# Raw data
□ □ □ □ □
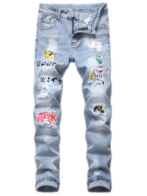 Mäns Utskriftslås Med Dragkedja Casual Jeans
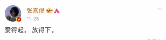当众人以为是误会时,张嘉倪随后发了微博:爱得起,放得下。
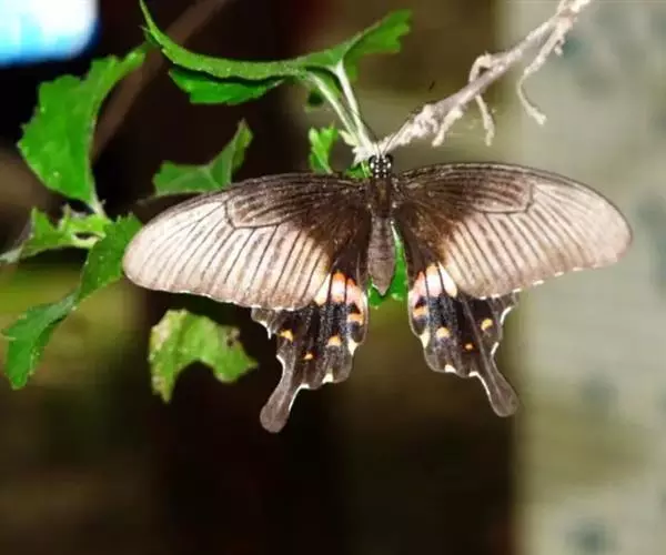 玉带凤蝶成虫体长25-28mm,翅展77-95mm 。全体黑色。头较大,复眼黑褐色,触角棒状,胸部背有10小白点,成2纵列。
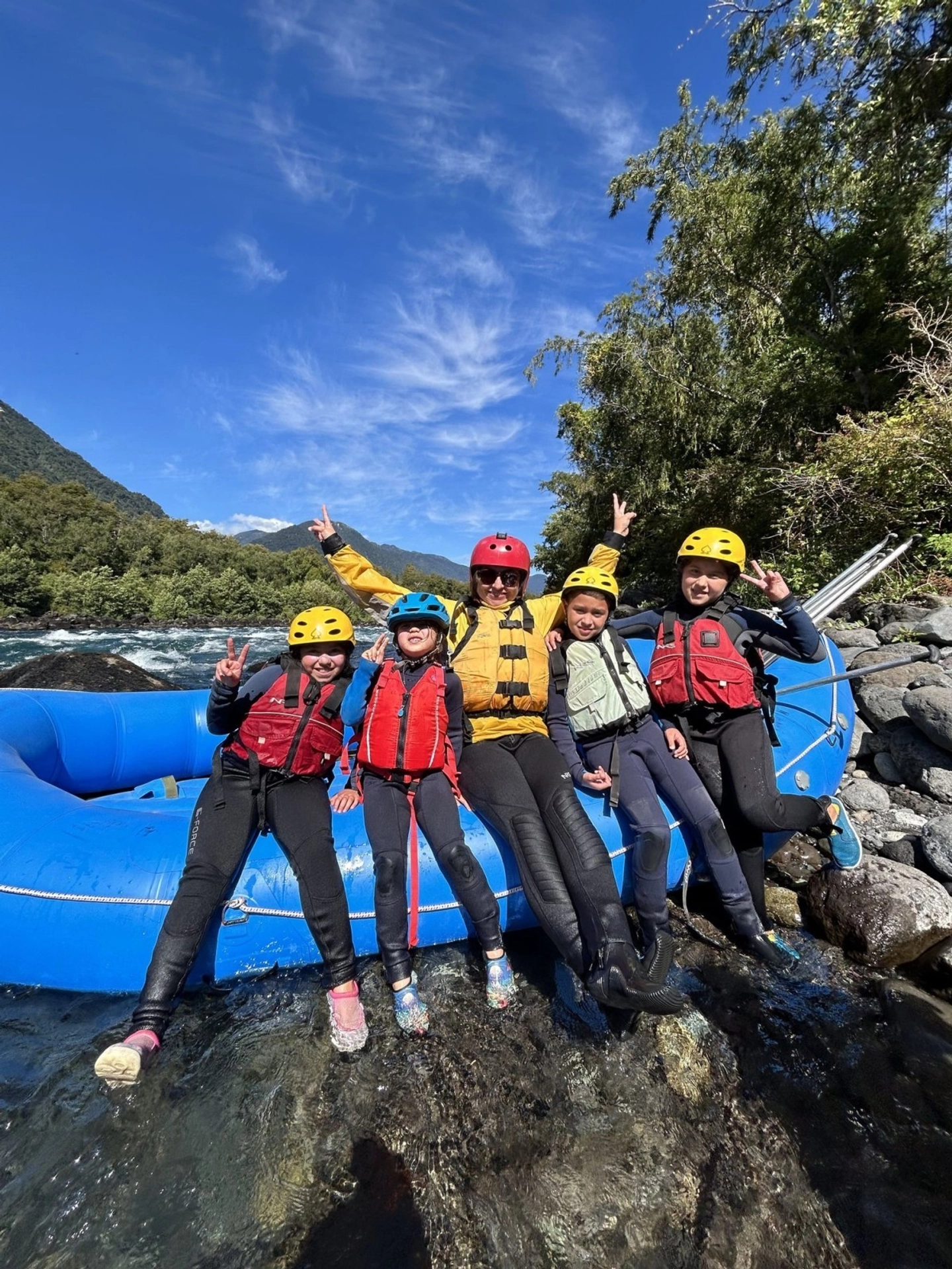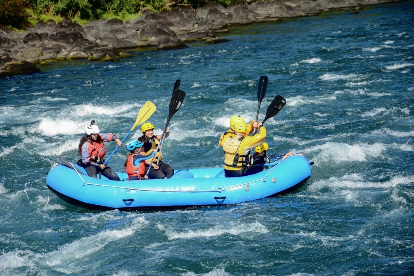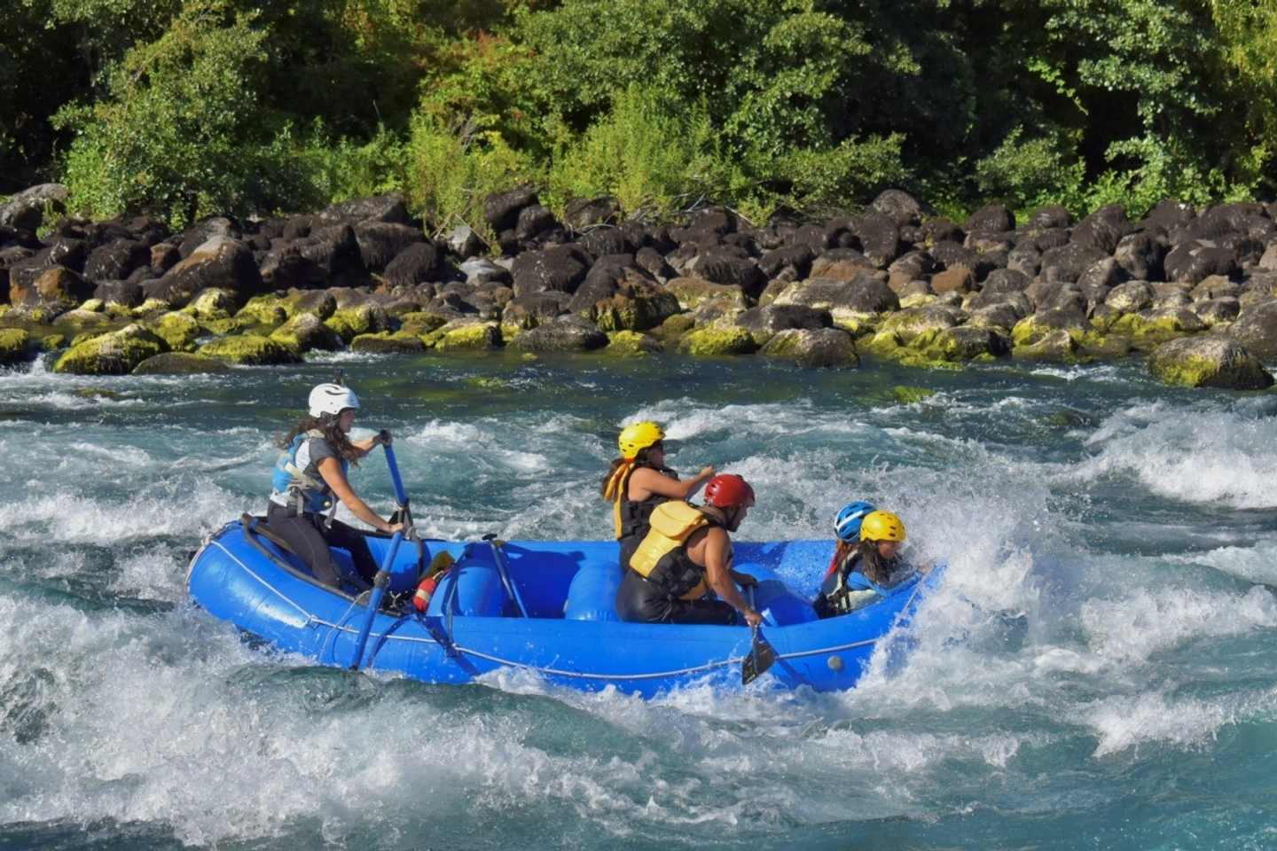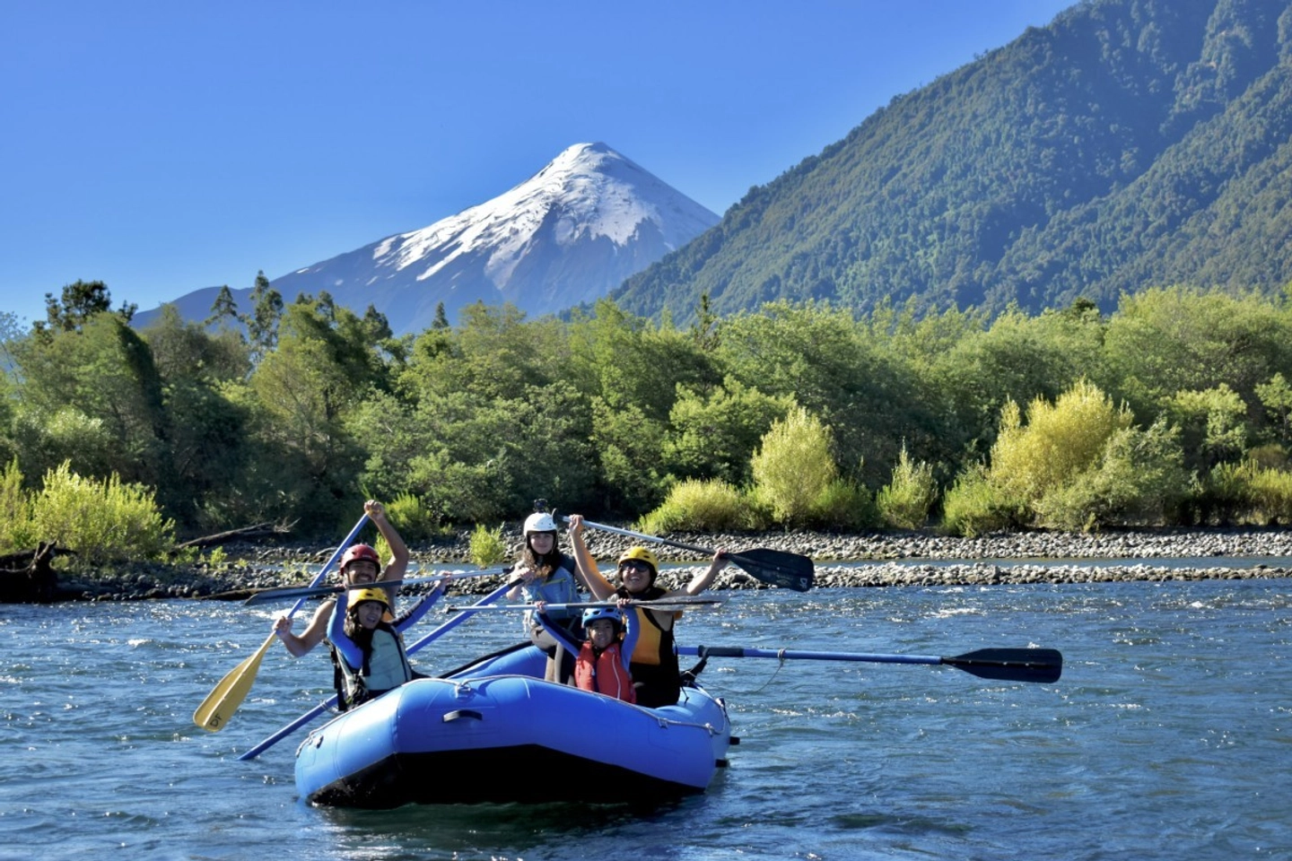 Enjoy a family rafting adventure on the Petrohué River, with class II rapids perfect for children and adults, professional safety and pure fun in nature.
□ □ □ □ □
# Required work
Only the pictures are to be left out; print everything else in the listing exactly.

# Output of the task
 Mäns Utskriftslås Med Dragkedja Casual Jeans
当众人以为是误会时,张嘉倪随后发了微博:爱得起,放得下。
 玉带凤蝶成虫体长25-28mm,翅展77-95mm 。全体黑色。头较大,复眼黑褐色,触角棒状,胸部背有10小白点,成2纵列。
 Enjoy a family rafting adventure on the Petrohué River, with class II rapids perfect for children and adults, professional safety and pure fun in nature.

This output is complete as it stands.